*** Data shown ***

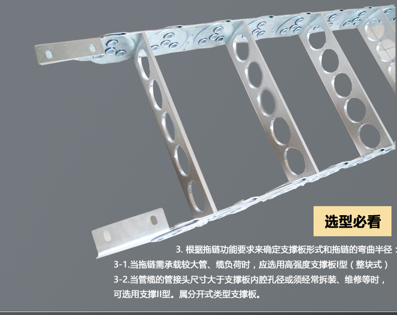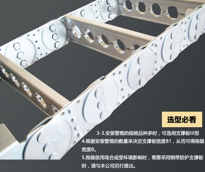 (1)當拖鏈需承載較大管、纜負荷時,應選用高強度支撐板Ⅰ型(整塊式)。
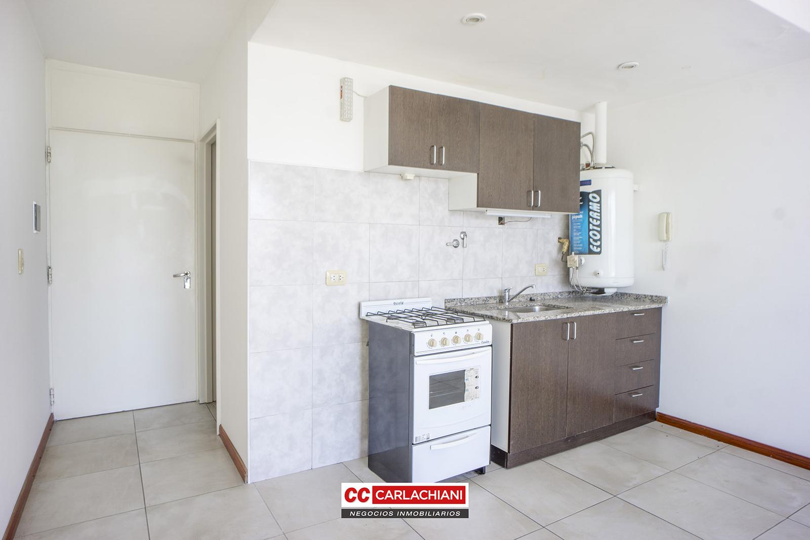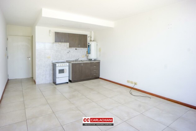 DESCRIPCION DE LA UNIDADDepartamento 4 piso al frente, orientación Oeste, súper luminoso. Ambiente único con cocina integrada, mueble de bajo mesada y alacena, aparato de cocina y termo tanque a gas, 1 baño completo con receptáculo, amplio balcón con vista despejada.
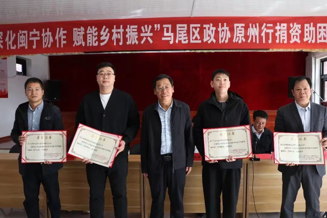 活动现场暖意融融,福建鑫原达冷链物流有限公司、福州绿帆包装材料有限公司、福建达信利工贸有限公司、福州开发区福鑫实业有限公司4家爱心企业向中河乡捐资10万元,用于解决当地困难群众最急需、最迫切的民生问题。原州区政协为爱心企业现场颁发荣誉证书,中河乡党委书记对马尾区政协、闽籍爱心企业致以最诚挚的感谢。
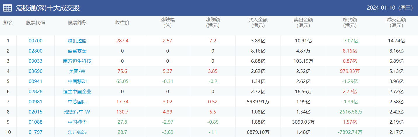 亚汇网实时数据统计:截至1月11日收盘腾讯控股、美团-w、建设银行位居港股通(沪)成交前三,腾讯控股、盈富基金、南方恒生科技位居股通(深)成交前三。
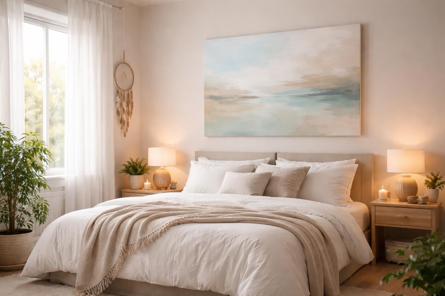 Pour maximiser les bienfaits du Feng Shui, il ne suffit pas de se concentrer uniquement sur le tableau au-dessus du lit. D’autres éléments tels que la literie, les couleurs des murs et l’éclairage doivent également être harmonisés. Par exemple, choisir une literie en matières naturelles, comme le coton biologique, renforce le sentiment de confort et de connexion à l’environnement. Les couleurs des murs devraient être en accord avec le reste de la décoration, tout en restant dans des teintes apaisantes.
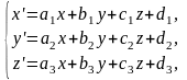 где образы начала координат и базисных векторов при преобразовании g имеют координаты: O’(d1, d2, d3),
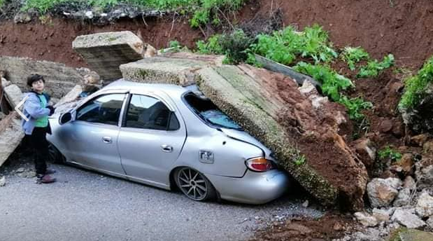 سرايا - انهار جدار من الاسمنت صباح اليوم الاثنين على مركبة احد المواطنين في كفرنجة، بسبب الامطار الغزيرة التي هطلت على محافظة عجلون يوم امس.

***

[Task to carry out]: Please print every record exactly, leaving out the pictures.

[Response area]:
 (1)當拖鏈需承載較大管、纜負荷時,應選用高強度支撐板Ⅰ型(整塊式)。
 DESCRIPCION DE LA UNIDADDepartamento 4 piso al frente, orientación Oeste, súper luminoso. Ambiente único con cocina integrada, mueble de bajo mesada y alacena, aparato de cocina y termo tanque a gas, 1 baño completo con receptáculo, amplio balcón con vista despejada.
 活动现场暖意融融,福建鑫原达冷链物流有限公司、福州绿帆包装材料有限公司、福建达信利工贸有限公司、福州开发区福鑫实业有限公司4家爱心企业向中河乡捐资10万元,用于解决当地困难群众最急需、最迫切的民生问题。原州区政协为爱心企业现场颁发荣誉证书,中河乡党委书记对马尾区政协、闽籍爱心企业致以最诚挚的感谢。
 亚汇网实时数据统计:截至1月11日收盘腾讯控股、美团-w、建设银行位居港股通(沪)成交前三,腾讯控股、盈富基金、南方恒生科技位居股通(深)成交前三。
 Pour maximiser les bienfaits du Feng Shui, il ne suffit pas de se concentrer uniquement sur le tableau au-dessus du lit. D’autres éléments tels que la literie, les couleurs des murs et l’éclairage doivent également être harmonisés. Par exemple, choisir une literie en matières naturelles, comme le coton biologique, renforce le sentiment de confort et de connexion à l’environnement. Les couleurs des murs devraient être en accord avec le reste de la décoration, tout en restant dans des teintes apaisantes.
 где образы начала координат и базисных векторов при преобразовании g имеют координаты: O’(d1, d2, d3),
 سرايا - انهار جدار من الاسمنت صباح اليوم الاثنين على مركبة احد المواطنين في كفرنجة، بسبب الامطار الغزيرة التي هطلت على محافظة عجلون يوم امس.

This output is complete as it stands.